この時点で樺島氏が社長を辞任すれば、銀行は即刻、支援を中断することは明白であった。作州商事が一巻の終わりとなることは、城戸氏も理解していたはずである。樺島氏が頑として自らの主義主張を曲げなければ、城戸氏も妥協したかもしれない。しかし、「まー、樺島君は、そこまで決意表明をして、大胆かつ果敢に行動できるような玉ではない」と見くびり、舐めていたのである。そして、その読みは的確であった。
釈放され、裁判でも執行猶予付きの判決を受けた身となって以降、城戸氏は、表面上は会社にはタッチしていないかのような体制を敷いた。だが内部では、超法規的な危機管理室を設置したうえで、シリーズ②で登場した田中氏を配置し、社内における実権把握に余念がなかった。だから、作州商事を褒めたたえる記事を作成したにも拘わらず、城戸氏は弊社に抗議文書を突き付けるという、異様な反応を示したのである。樺島氏は、社長の肩書を持ちながらも、実権をもぎ取られたに等しかったのである。
24億円の価値があったのだ
2006年2月に城戸氏が逮捕された際、筆者は「作州商事の企業価値は24億円ある」と評価した。但し、「裁判によるリスクがトータルで10億円ある」と付け足していた。だからこそ「樺島社長!! 裁判問題を片づけたならば、会社には14億円の値がつきますよ。早く処理してくださいよ」とエールを送ったのである。当時はまだバラ色の時代である。元気な企業もあった。「コダマさん!! 裁判リスクを排除してくれれば、14億円前後ならOKよ。樺島社長体制、現況体制OKよ」という内々の打診を受けていた。これで作州商事を常識ある会社に再生できていたら、樺島社長の評判はうなぎ登りになっていたのだ。
現実は、それとは逆の悲劇となった。筆者は「城戸さんは今度娑婆に出てきても、作州商事の会長だ、オーナーだとの立場で、公然と動くことはできないだろう。会社を売却すれば、少なくとも10億円のキャシュを握ることができる。これで納得して会社を手放すだろうか」と関係者に聞いて回った。見解は半々に分かれた。「10億円を握って、再起のチャンスを待つだろう」という意見と「10億円の端金では、作州商事のオーナーという立場と権力を手放すことはない」という予測とに、二分されたのである。

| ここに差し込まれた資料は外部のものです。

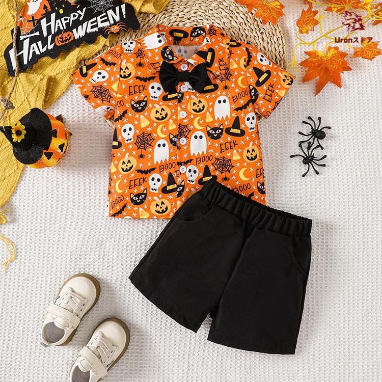 ハロウィン 衣装 子供服 かぼちゃ シャツ パンツ 仮装 2点セット ベビー 女の子 男の子 赤ちゃん オレンジ コスプレ キッズ コスチューム かわいい かっこいい

筆者の株売却案=M&Aの提案を城戸氏はどこで耳にしたのか、激しい危機感を露わにした。株主総会を開催して「作州商事の株の売却に関する項目は、株主総会決議事項」と決定していた。それまで、株の売却に関しては曖昧模糊の状態であった。城戸氏にしてみれば、自分は最大の株主である。「俺の関与しないところ、同意しないところでの、会社売却を許すものか」と強い意思表示をしたのである(「俺は作州商事のオーナーの立場を放棄しない」という意味)。